Clinical evaluation of difficult asthma should be made in specialised centres. Specific investigations are helpful including: high-resolution computed tomography (CT) of the chest; ear, nose and throat examination and sinus CT; pH probe to evaluate GOR disease; allergen skin testing; full sleep study; full pulmonary function tests; formal psychological assessment; and evaluation of treatment adherence. This approach is time consuming, requires various experts with specific knowledge and should be repeated over a 6-month to 1-yr period to assess potential changes (fig. 1⇓).
A flow diagram to show difficult asthma assessment from initial investigation to the second investigation. CT: computed tomography.
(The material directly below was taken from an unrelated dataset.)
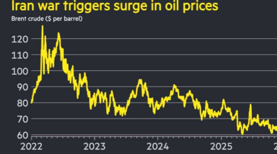 Çmimet ndërkombëtare të naftës kanë kaluar pragun e 100 dollarëve për fuçi, duke u rritur me mbi 25% brenda pak ditësh, ndërsa tregjet globale reagojnë ndaj përshkallëzimit të konfliktit në Lindjen e Mesme dhe frikës për ndërprerje të furnizimit. Sipas raportimeve të agjencisë Reuters, kjo është rritja më e fortë e çmimeve që nga kriza energjetike e vitit 2022.

MANAGEMENT OF DIFFICULT ASTHMA IN DAILY PRACTICE
In the present issue of the European Respiratory Journal (ERJ), Roberts et al. 19 question the clinical management of difficult asthma in the UK. A postal survey was mailed to 683 consultant members of the British Thoracic Society, outlining five cases of difficult asthma and eliciting responses to a range of questions concerning investigations, consultation of other health professionals, differential diagnoses, misdiagnoses, and differences between specialists with and without a particular interest in difficult asthma. The study by Roberts et al. 19 is useful, particularly in making the important distinction between severe asthma and difficult asthma. It also outlines the important role of misdiagnoses and coexisting psychosocial issues, which prevent good asthma outcomes despite maximal therapy. The study also highlights the potentially important impact of failing to assess compliance or access liaison psychiatric review. It is clear from the survey that poor availability of support from psychiatric and psychological services is a major issue. The limitations of the study by Roberts et al. 19 are obviously the size of the survey and its response rate. However, the data are based on a self report from healthcare providers, but can be representative of the situation for difficult asthma in a European country at a given time. It may provide a basis to establish national and European networks to better understand difficult asthma.
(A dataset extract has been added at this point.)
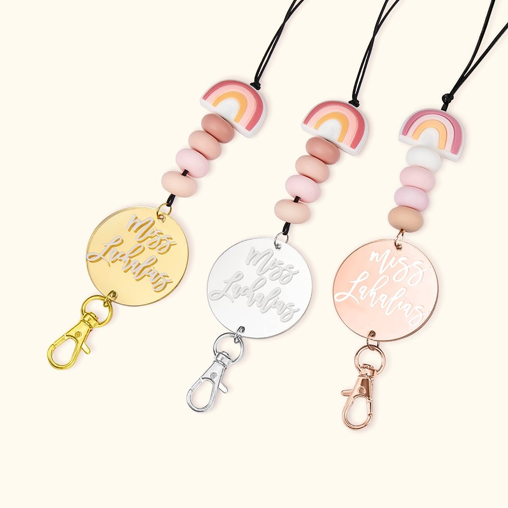 The lanyard uses rainbow and leopard print elements, the lanyard is strong, the beaded color below is bright and sunny, and the mirror acrylic can be customized with an exclusive name to clearly display your name. The bottom hook can hold any certificates, such as teacher certificates, nurse certificates, doctor certificates, and other employee certificates, no longer worry about the loss or placement of the certificates.

In conclusion, the observational study in the current issue of the ERJ 19, despite its limitations, reinforces our strong beliefs that “difficult asthma” is still clinically meaningful. It pleads for a better use of the guideline issues from the ERS Task Force, and for establishing and publicising centralised centres with specific interest and expertise within Europe. The power of phenotyping severe asthma will be increased manifold by establishing severe asthma networks, such as the existing ENFUMOSA (European Network for Understanding Mechanisms of Severe Asthma) 20 and BIOAIR (Longitudinal Assessment of Clinical Course and BIOmarkers in Severe Chronic AIRway Disease) in Europe and the National Heart Lung and Blood Institute network in the USA, which will allow the enrolment of more patients.
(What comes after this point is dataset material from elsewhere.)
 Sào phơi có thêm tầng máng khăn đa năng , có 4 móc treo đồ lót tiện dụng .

We believe that a clear approach to objectively diagnose and assess difficult asthma will provide an insight into the real prevalence of severe asthma. Network and cohort follow-up should be encouraged to standardise the diagnosis and assessment of severe asthma using a common panel of outcome measures. Cross-sectional and longitudinal investigations can be captured to provide a better opportunity to unravel the complex heterogeneity of severe asthma leading to improved outcomes 21.